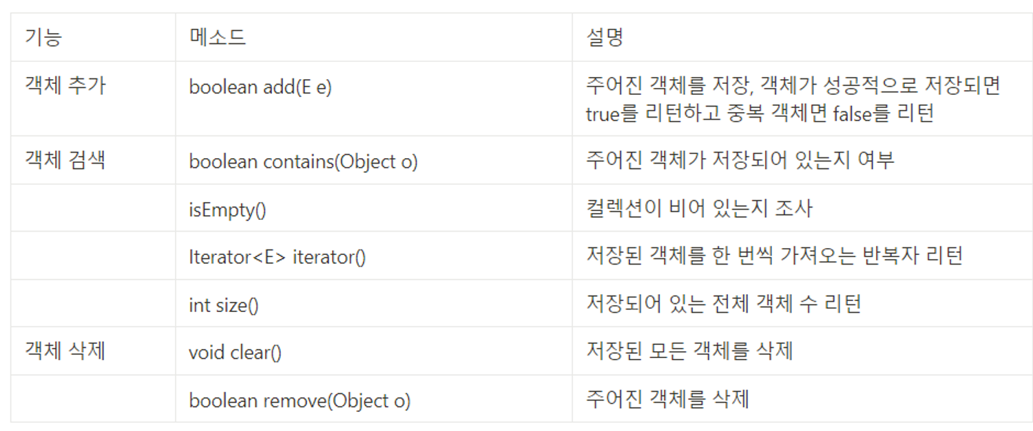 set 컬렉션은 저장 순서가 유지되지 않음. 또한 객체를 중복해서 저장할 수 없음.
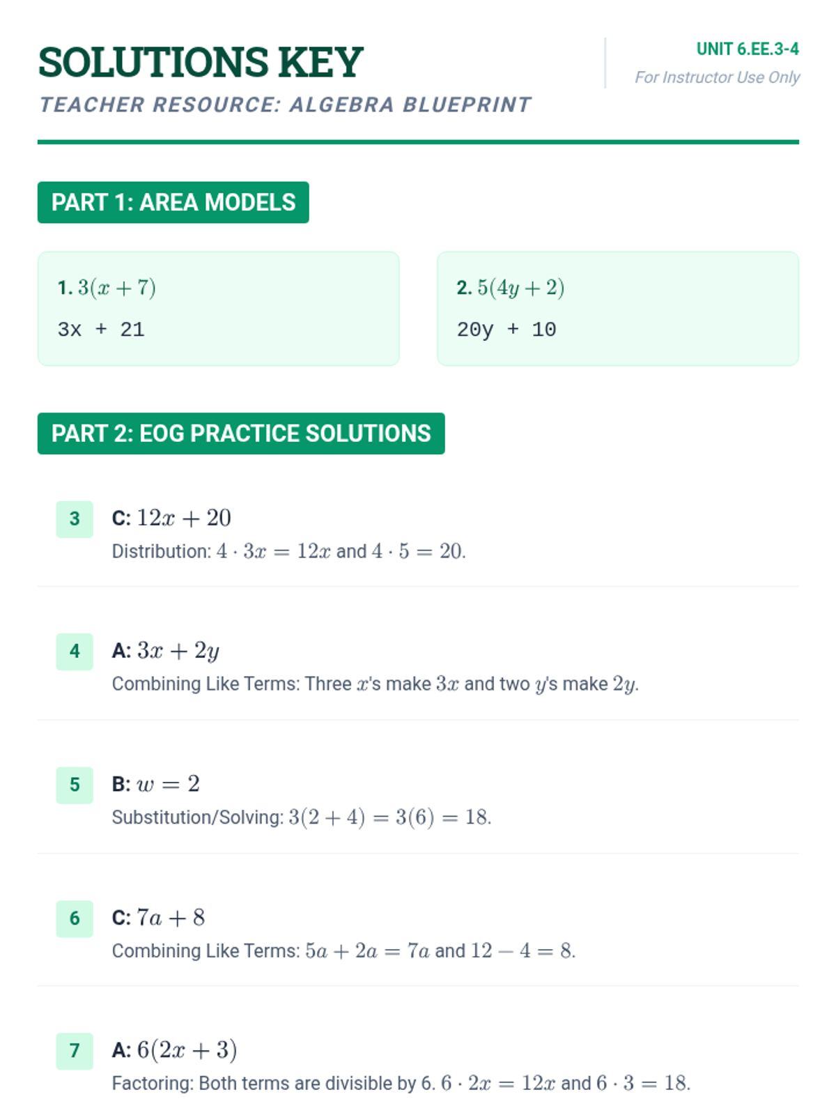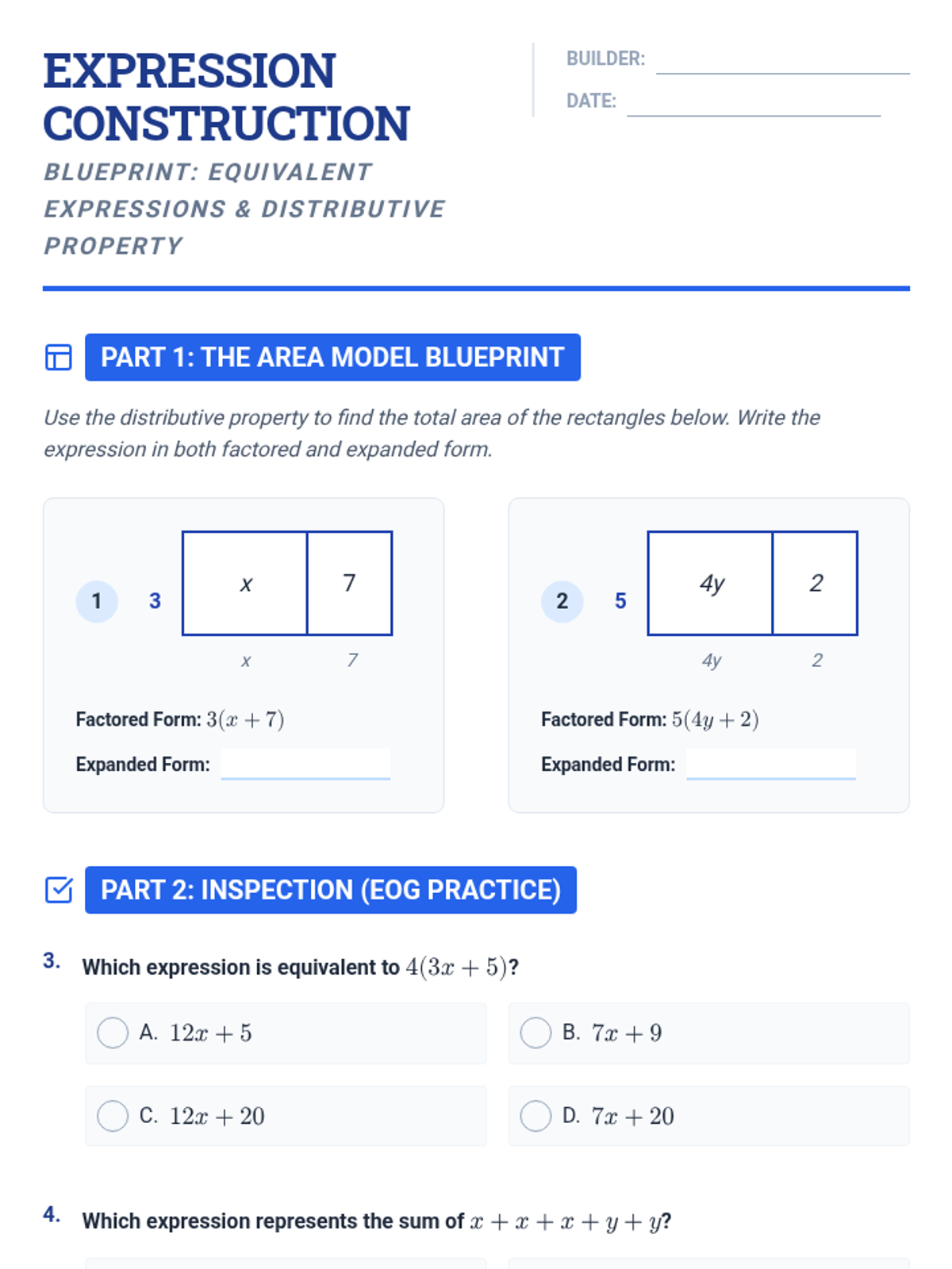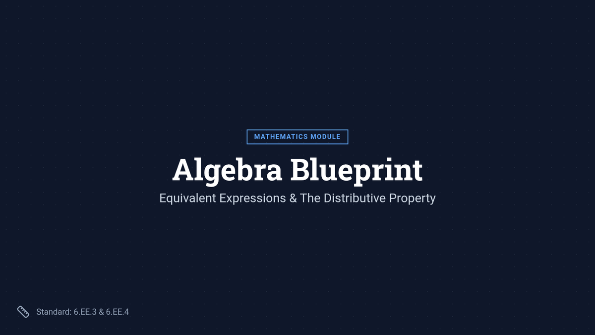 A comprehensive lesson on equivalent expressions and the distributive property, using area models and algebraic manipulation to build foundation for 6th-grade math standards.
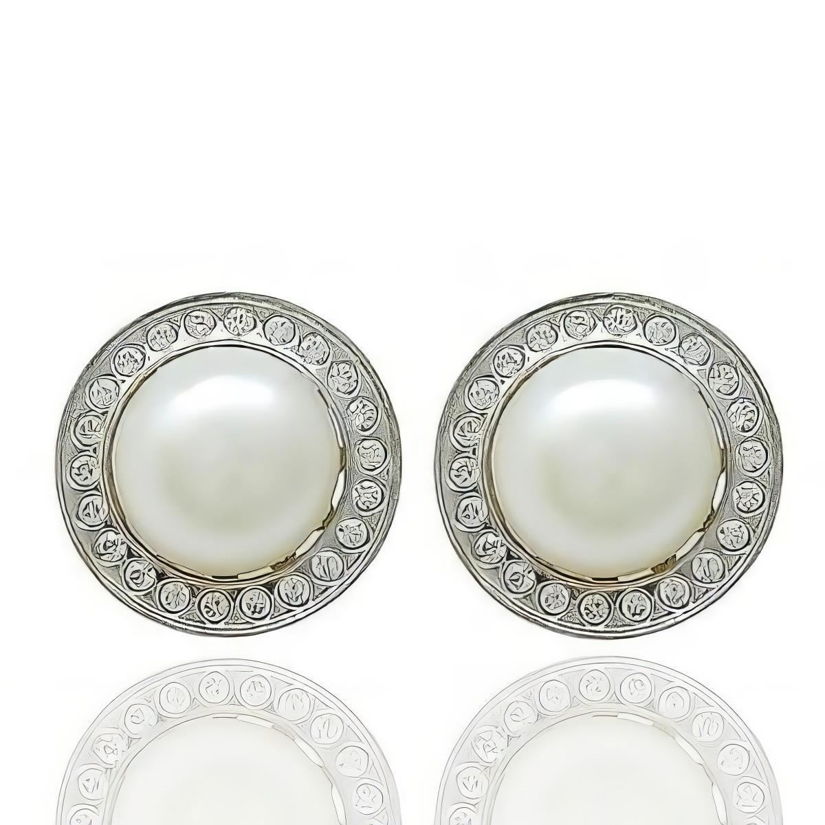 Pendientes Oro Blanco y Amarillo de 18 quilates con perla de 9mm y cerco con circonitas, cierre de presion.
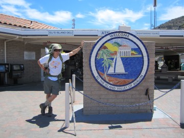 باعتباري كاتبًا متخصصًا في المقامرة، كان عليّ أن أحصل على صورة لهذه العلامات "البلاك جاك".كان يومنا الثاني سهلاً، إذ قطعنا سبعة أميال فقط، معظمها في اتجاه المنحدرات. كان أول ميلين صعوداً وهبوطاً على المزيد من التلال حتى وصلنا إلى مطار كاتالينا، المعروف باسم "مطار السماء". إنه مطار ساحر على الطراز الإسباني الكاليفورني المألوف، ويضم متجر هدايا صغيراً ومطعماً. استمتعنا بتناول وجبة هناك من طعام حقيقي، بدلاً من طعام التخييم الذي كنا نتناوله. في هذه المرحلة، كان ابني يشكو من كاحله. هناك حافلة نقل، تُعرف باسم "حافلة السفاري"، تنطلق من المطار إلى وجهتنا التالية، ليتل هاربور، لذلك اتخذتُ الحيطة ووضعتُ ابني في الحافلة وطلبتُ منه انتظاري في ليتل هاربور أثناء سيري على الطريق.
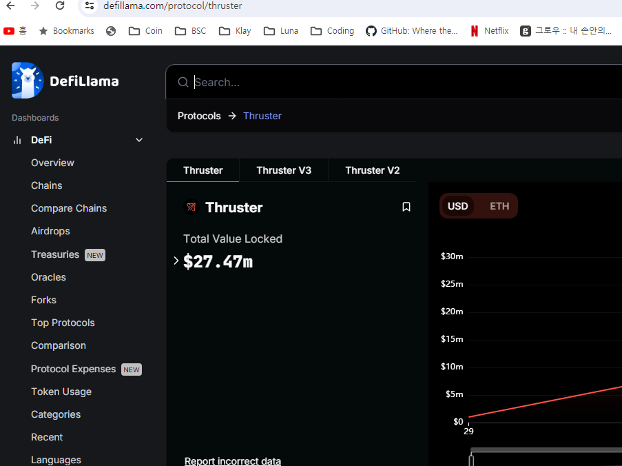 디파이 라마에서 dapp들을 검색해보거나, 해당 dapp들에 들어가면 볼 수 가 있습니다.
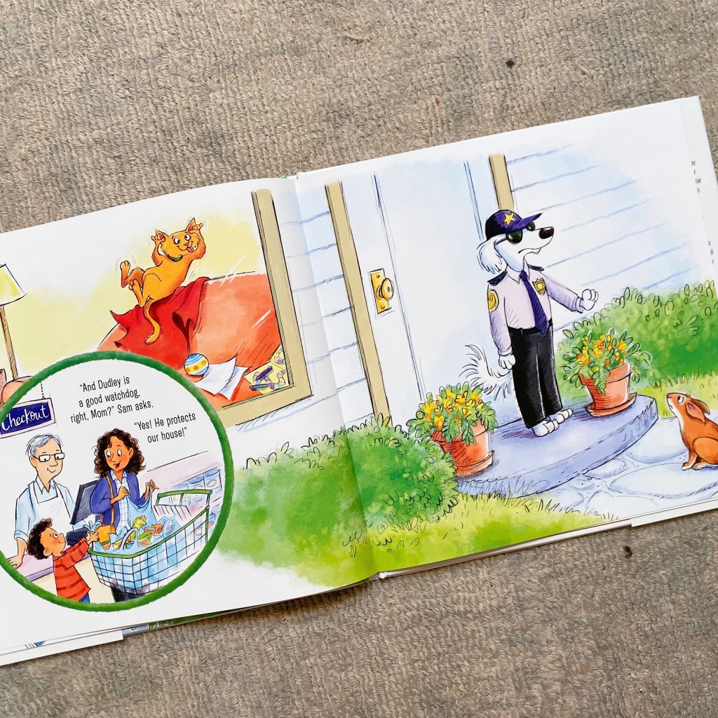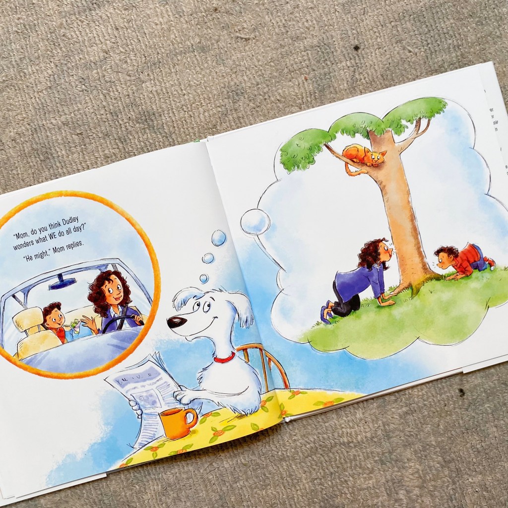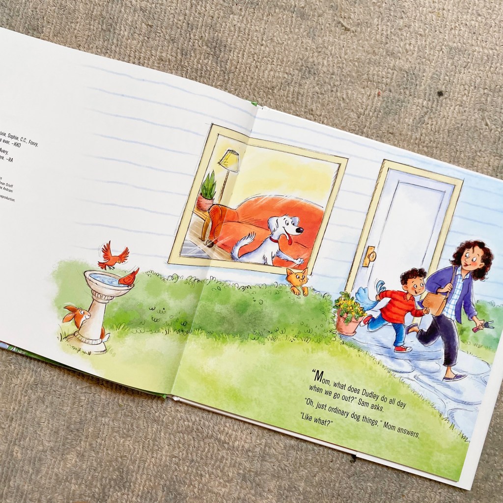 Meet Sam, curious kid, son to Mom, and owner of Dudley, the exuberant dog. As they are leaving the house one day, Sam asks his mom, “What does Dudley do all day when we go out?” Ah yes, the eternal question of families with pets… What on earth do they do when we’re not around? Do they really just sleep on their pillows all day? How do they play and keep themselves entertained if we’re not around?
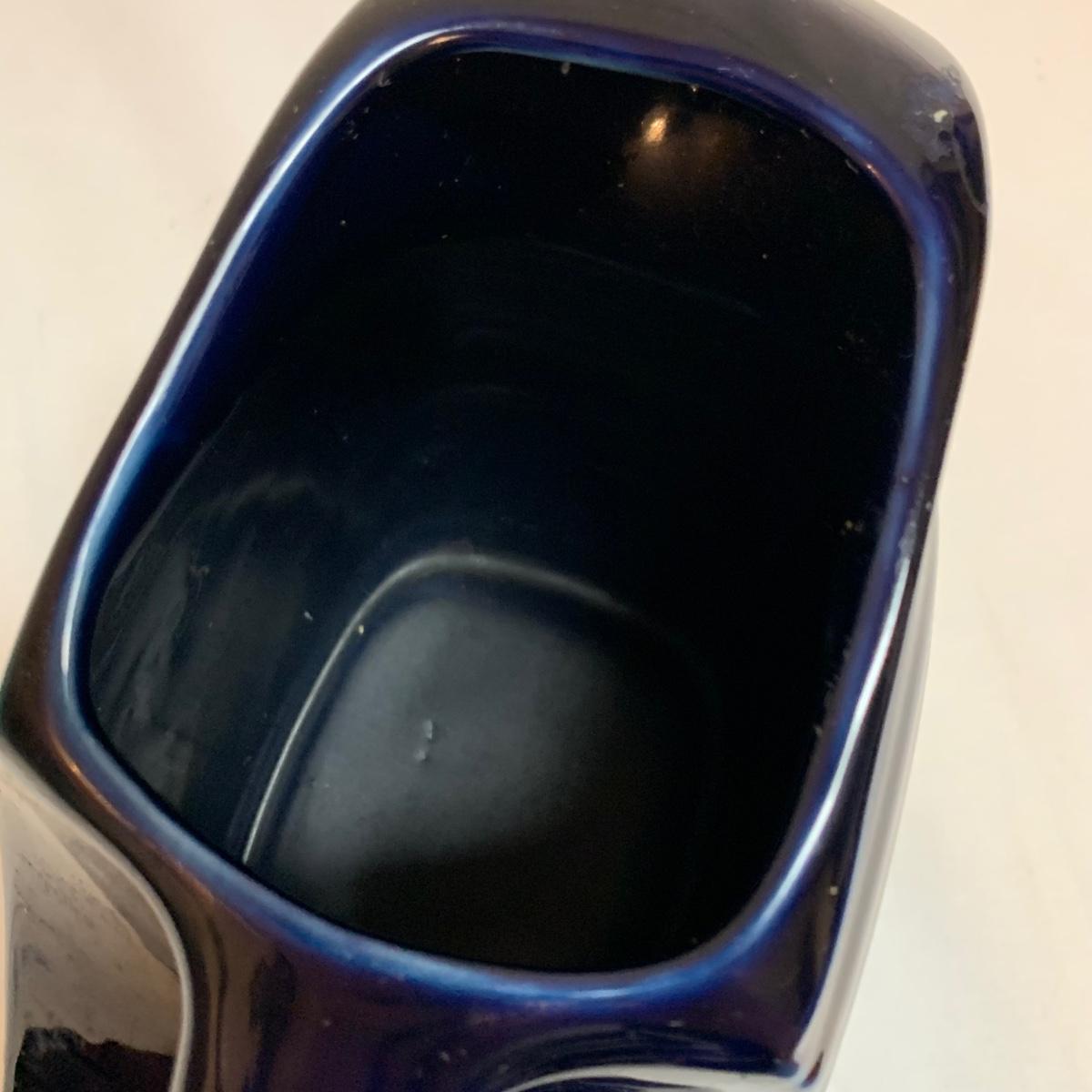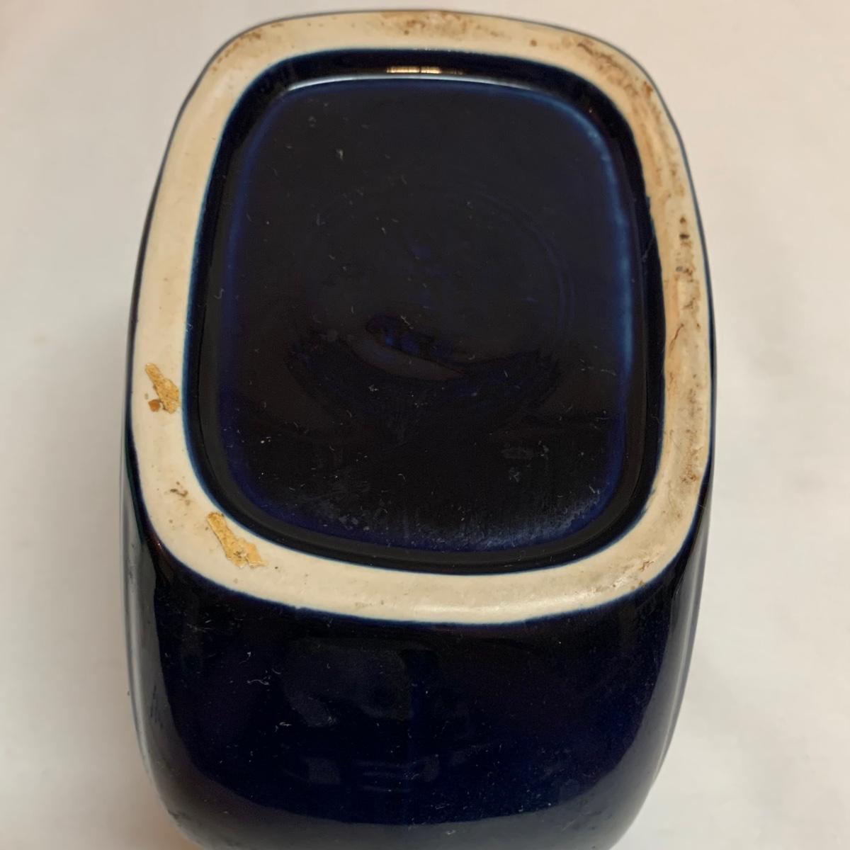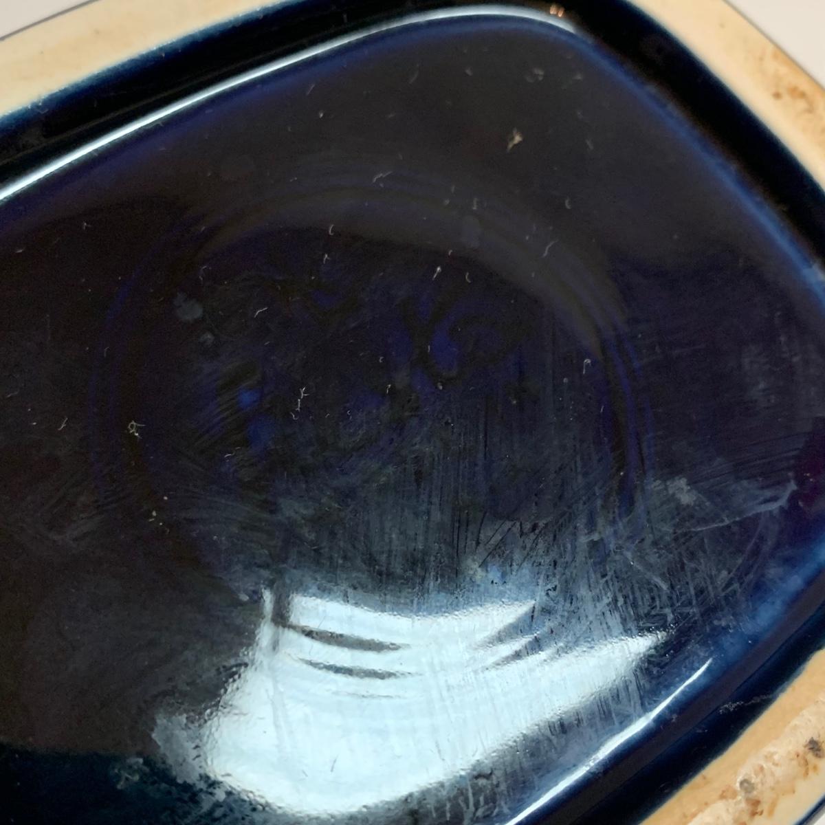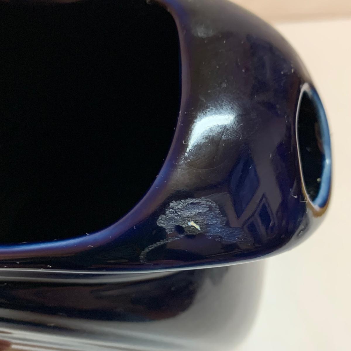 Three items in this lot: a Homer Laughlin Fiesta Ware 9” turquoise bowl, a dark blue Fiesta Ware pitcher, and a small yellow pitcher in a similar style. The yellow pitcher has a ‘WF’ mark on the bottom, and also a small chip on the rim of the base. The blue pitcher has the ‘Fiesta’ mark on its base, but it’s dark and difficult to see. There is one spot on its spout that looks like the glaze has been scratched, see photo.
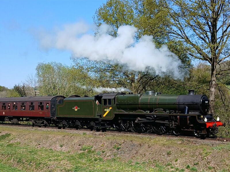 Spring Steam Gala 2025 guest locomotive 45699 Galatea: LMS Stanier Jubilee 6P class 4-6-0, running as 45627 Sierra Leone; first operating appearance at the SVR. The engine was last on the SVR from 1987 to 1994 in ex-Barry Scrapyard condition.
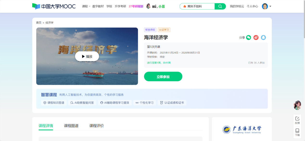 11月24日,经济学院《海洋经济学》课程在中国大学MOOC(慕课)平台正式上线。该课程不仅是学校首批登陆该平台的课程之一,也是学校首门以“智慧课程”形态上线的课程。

————————

### EXERCISE GOAL
The first line of the listing through the line with "Pendientes Oro Blanco": repeat exactly that span and nothing more, skipping pictures.

### RESPONSE TO THE EXERCISE
 set 컬렉션은 저장 순서가 유지되지 않음. 또한 객체를 중복해서 저장할 수 없음.
 A comprehensive lesson on equivalent expressions and the distributive property, using area models and algebraic manipulation to build foundation for 6th-grade math standards.
 Pendientes Oro Blanco y Amarillo de 18 quilates con perla de 9mm y cerco con circonitas, cierre de presion.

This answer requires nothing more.